- 1 Mar 08, 03:13 PM
Most of my work at the BBC is centred around golf and rugby, but when the Olympics comes round and there is an opportunity to help cover the greatest of all sporting events, then matters oval and dimpled ball are laid aside for a while.
My earliest Olympics memory is of Moscow - Goodhew, Coe, Ovett and Thompson all stars but, most of all for a Scottish child, Allan Wells was the hero. I think I joined in with 'Misha' the bear when the mascot shed a tear in the closing ceremony.

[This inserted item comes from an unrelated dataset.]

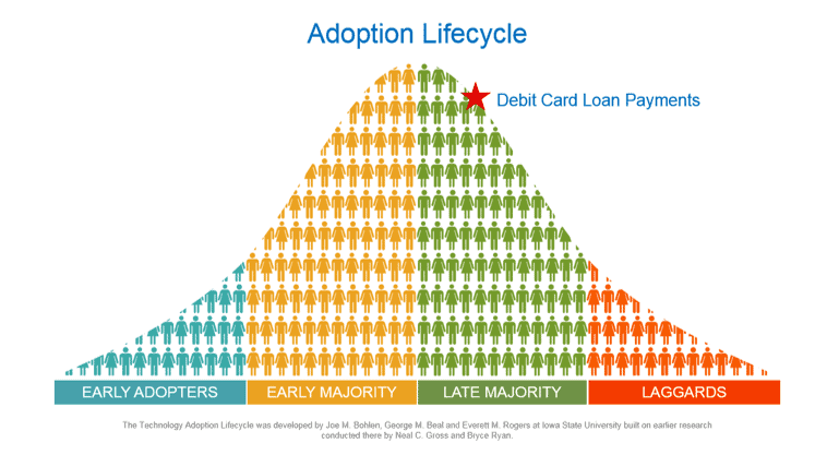 Debit card payment processing for loans reaches the “late majority” stage
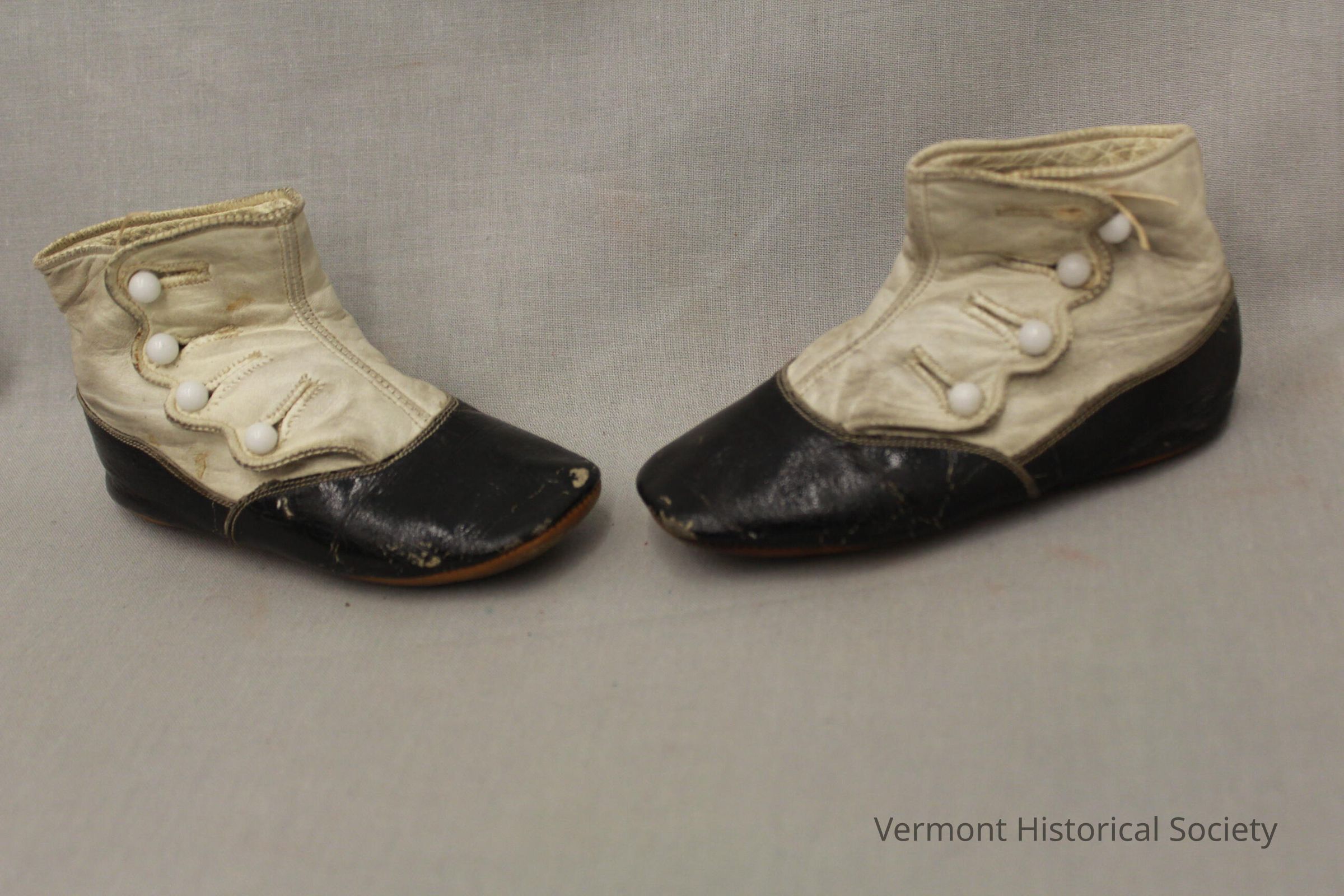 Black and white leather boots sized fora small child. The lower portion is black, white the portion that covers the ankle is white. They secure with 4 white buttons.

I was also strangely drawn to the main sport I will be covering in Beijing, weightlifting. It is one of the oldest and - on the surface at least - simplest sports. What could be more straight-forward than 'who can lift the heaviest weight'? From the giant Soviet lifter of the 1970's, Vasily Alexeyev, to the far smaller, but no less dominant Turkish/Bulgarian Naim Suleymanoglu - all have held a fascination.
I realise that I'm unlikely to be commentating on British success in the sport - although Commonwealth champion Michaela Breeze has been a fine exponent in recent years. That's because weightlifting is still largely dominated by Eastern Europe and Asia, whereas powerlifting (more 'gym-based' lifts of bench-press, squats and deadlifts) is more popular in the West.
But that won't detract from the attraction of the competition in Beijing. 'Faster, Higher, Stronger' is the motto - and the last of the three is surely decided by the weightlifting.